What is needed: Among the entries below, one stretch runs from the line that contains "Fotografie č. 12" through the line that contains "Na fotografii č.". Repeat that stretch exactly, ends included, and only that.
───── The data ─────
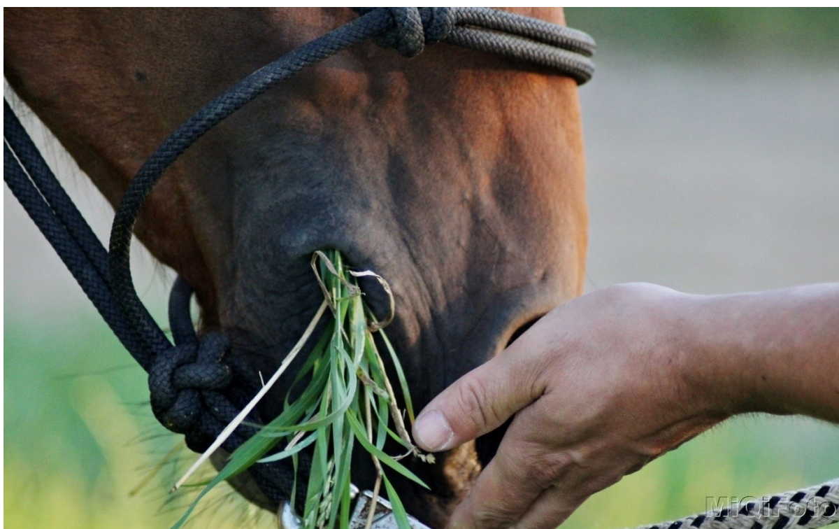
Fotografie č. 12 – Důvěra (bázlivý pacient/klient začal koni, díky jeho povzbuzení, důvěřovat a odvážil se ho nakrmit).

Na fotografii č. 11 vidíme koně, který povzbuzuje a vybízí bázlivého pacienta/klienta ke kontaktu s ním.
─────
───── The data ─────
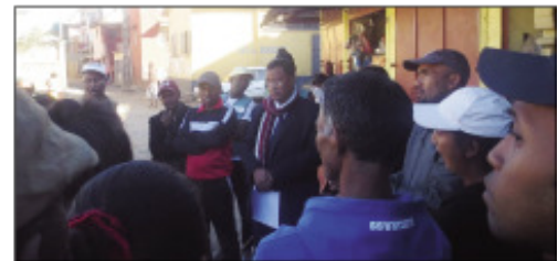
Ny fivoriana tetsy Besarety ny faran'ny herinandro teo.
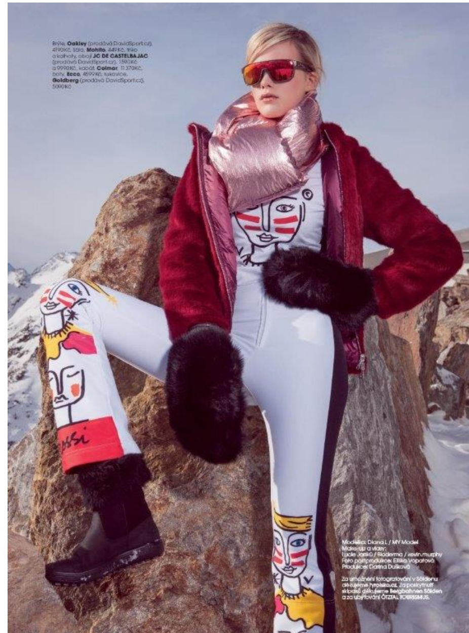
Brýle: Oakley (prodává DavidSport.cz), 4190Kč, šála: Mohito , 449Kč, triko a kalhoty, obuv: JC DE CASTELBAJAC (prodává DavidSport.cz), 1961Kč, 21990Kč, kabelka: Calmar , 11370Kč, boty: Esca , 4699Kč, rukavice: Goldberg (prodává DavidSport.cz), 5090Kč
─────
───── The data ─────
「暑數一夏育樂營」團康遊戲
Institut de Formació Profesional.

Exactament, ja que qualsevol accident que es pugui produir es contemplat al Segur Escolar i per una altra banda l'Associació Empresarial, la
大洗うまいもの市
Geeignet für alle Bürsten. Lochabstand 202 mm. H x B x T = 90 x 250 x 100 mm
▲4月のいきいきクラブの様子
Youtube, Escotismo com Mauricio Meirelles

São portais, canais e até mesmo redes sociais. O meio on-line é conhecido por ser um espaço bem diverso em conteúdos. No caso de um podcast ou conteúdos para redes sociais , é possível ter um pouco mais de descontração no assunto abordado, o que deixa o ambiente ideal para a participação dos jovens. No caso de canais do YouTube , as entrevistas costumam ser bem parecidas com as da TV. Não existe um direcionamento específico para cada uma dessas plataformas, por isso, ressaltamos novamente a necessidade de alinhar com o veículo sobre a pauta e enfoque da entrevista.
─────
Result of the task:
Fotografie č. 12 – Důvěra (bázlivý pacient/klient začal koni, díky jeho povzbuzení, důvěřovat a odvážil se ho nakrmit).

Na fotografii č. 11 vidíme koně, který povzbuzuje a vybízí bázlivého pacienta/klienta ke kontaktu s ním.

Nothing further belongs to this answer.